Collection entries:
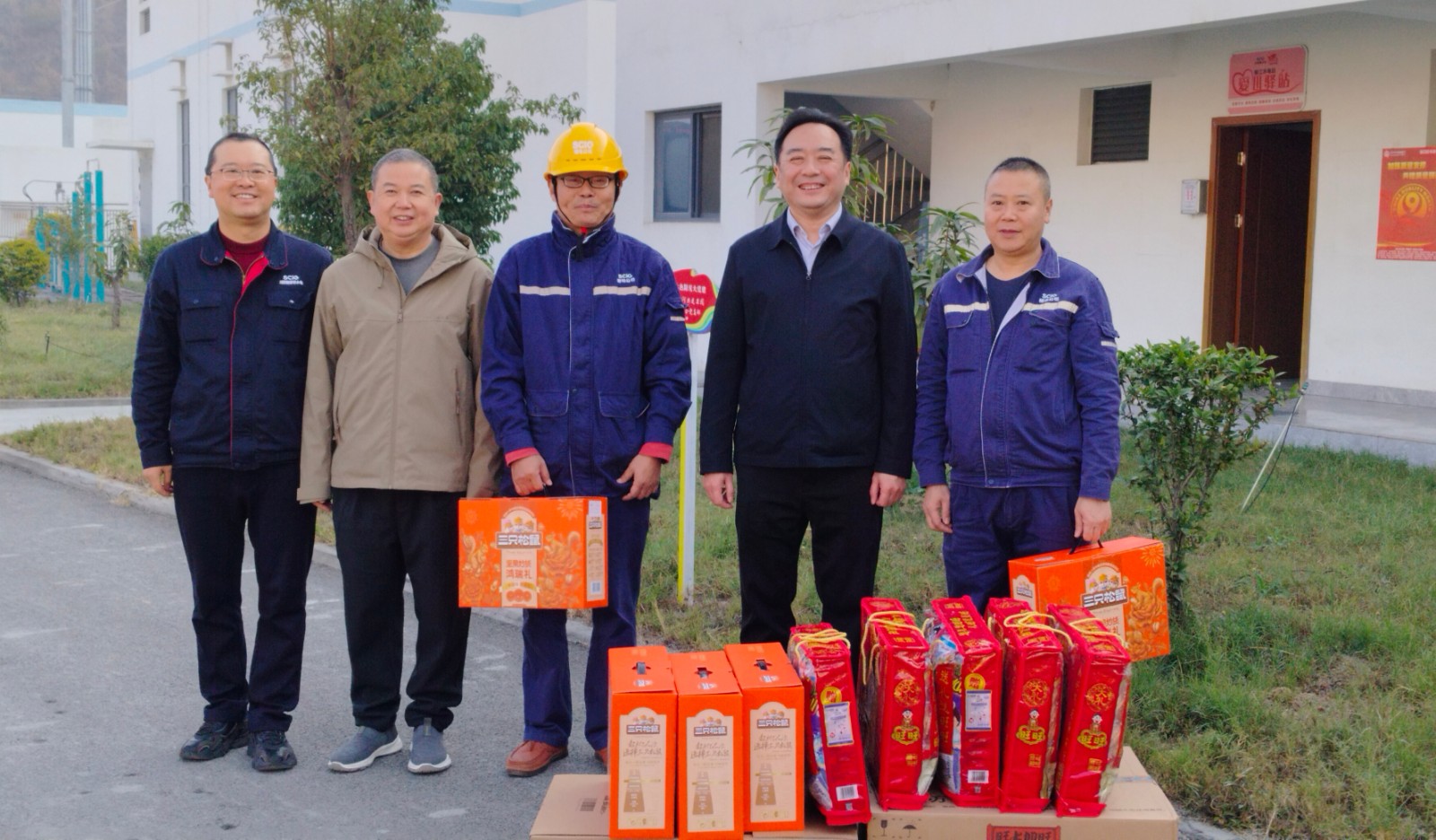 杨涛一行深入银江水电站施工变电站,看望慰问在此工作的槽渔滩公司员工,充分肯定他们四年来为银江水电站工程建设付出的不懈努力,并向他们表达节日的诚挚祝福。
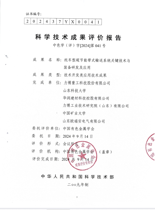 華潤建材科技“托車型超節能帶式輸送系統關鍵技術與裝備研發及應用” 項...
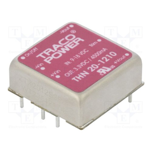 TRACO POWER THN 20-1210 | Перетворювач: DC/DC; 20Вт; Uвх: 9÷18ВDC; Uвих: 3,3ВDC; Iвих: 4500мА
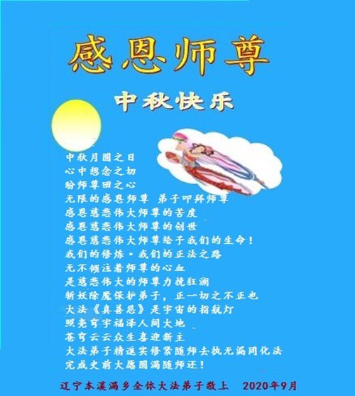 師父辛苦了!值此中秋佳節,恭祝慈悲偉大的師尊節日快樂!弟子今生幸得大法,幸得師尊慈悲救度,唯有無盡的感恩!唯有做好「三件事」返本歸真,跟師父回家。
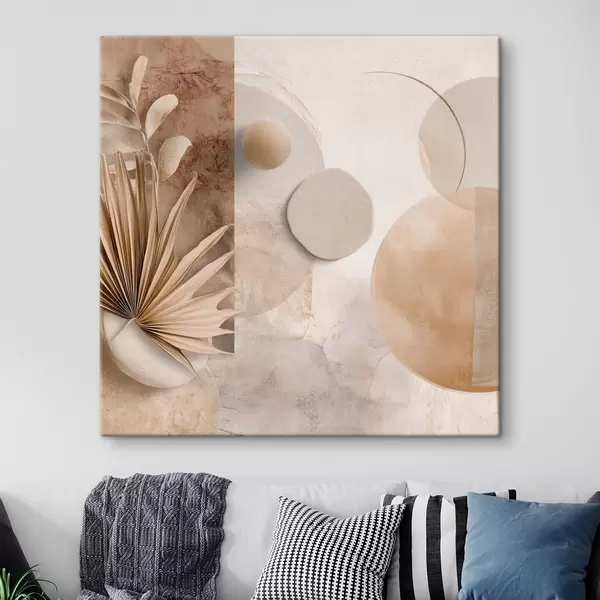 Obraz Sušené palmové listy a 3D kruhy v béžových tónech Č. s46310

REQUIRED ACTION
The answer should contain only the lines from the start of the records above through the line with "TRACO POWER THN", copied exactly, and no pictures.

ANSWER TO THE EXERCISE
 杨涛一行深入银江水电站施工变电站,看望慰问在此工作的槽渔滩公司员工,充分肯定他们四年来为银江水电站工程建设付出的不懈努力,并向他们表达节日的诚挚祝福。
 華潤建材科技“托車型超節能帶式輸送系統關鍵技術與裝備研發及應用” 項...
 TRACO POWER THN 20-1210 | Перетворювач: DC/DC; 20Вт; Uвх: 9÷18ВDC; Uвих: 3,3ВDC; Iвих: 4500мА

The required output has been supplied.